Dataset items
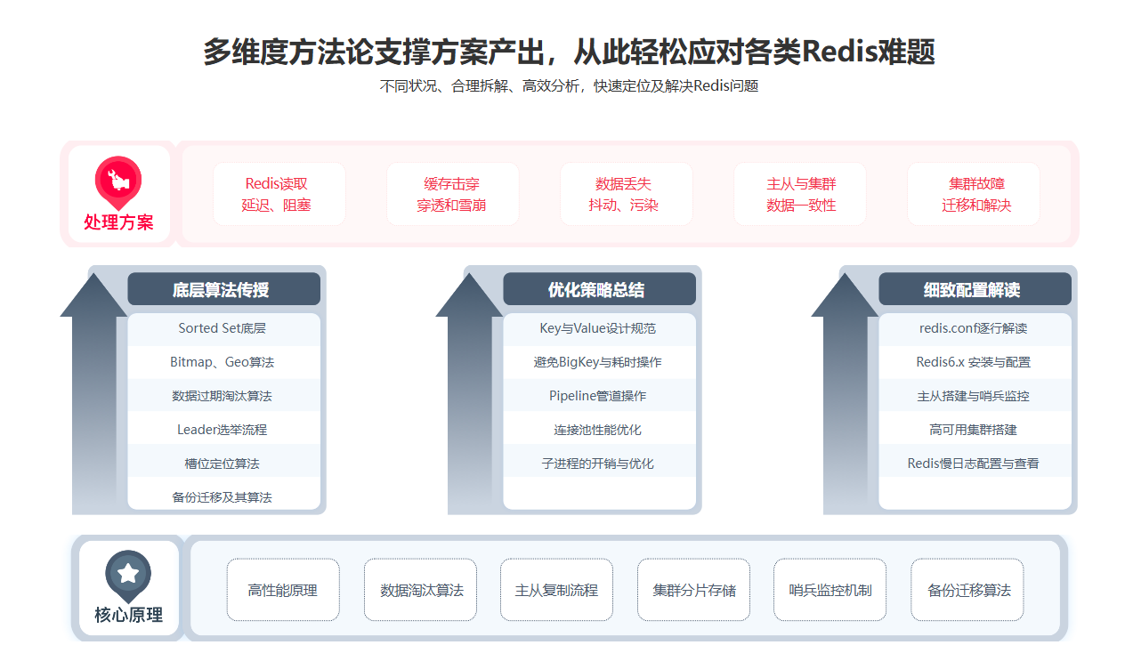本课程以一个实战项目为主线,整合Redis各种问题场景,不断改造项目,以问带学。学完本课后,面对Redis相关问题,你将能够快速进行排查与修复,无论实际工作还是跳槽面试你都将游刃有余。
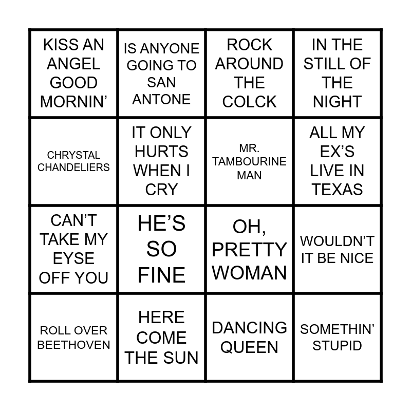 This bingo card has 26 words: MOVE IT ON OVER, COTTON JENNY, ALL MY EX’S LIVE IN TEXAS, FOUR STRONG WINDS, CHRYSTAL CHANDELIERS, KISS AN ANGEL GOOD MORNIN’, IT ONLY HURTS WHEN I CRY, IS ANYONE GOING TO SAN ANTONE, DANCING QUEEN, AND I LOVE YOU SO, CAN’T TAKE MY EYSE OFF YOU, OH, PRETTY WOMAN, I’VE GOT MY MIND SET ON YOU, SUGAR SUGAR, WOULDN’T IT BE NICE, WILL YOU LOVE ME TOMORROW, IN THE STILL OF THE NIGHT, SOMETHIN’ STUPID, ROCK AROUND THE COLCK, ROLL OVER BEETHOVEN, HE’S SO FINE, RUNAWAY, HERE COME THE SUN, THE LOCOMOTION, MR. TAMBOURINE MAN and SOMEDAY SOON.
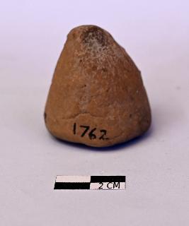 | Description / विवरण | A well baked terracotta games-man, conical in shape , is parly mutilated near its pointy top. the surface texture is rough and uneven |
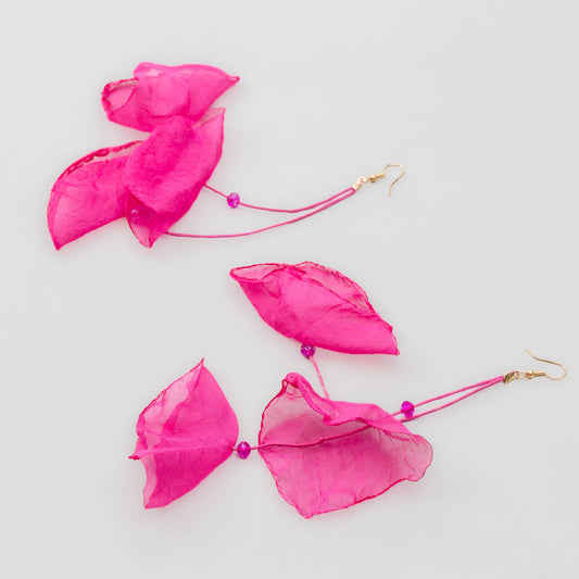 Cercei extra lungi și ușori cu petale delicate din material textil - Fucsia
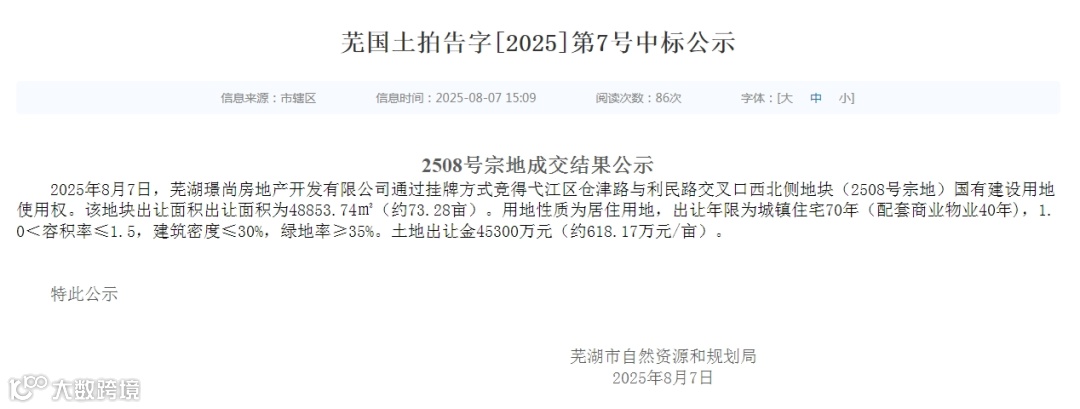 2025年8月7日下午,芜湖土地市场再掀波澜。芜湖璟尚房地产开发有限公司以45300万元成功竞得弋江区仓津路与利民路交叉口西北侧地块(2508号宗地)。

**TASK BRIEF:**
Set down exactly and only the lines from the line that contains "Cercei extra lungi" through the last line of the entries above, with both of those lines included and the pictures left out.

**SOLUTION FOR THIS TASK:**
 Cercei extra lungi și ușori cu petale delicate din material textil - Fucsia
 2025年8月7日下午,芜湖土地市场再掀波澜。芜湖璟尚房地产开发有限公司以45300万元成功竞得弋江区仓津路与利民路交叉口西北侧地块(2508号宗地)。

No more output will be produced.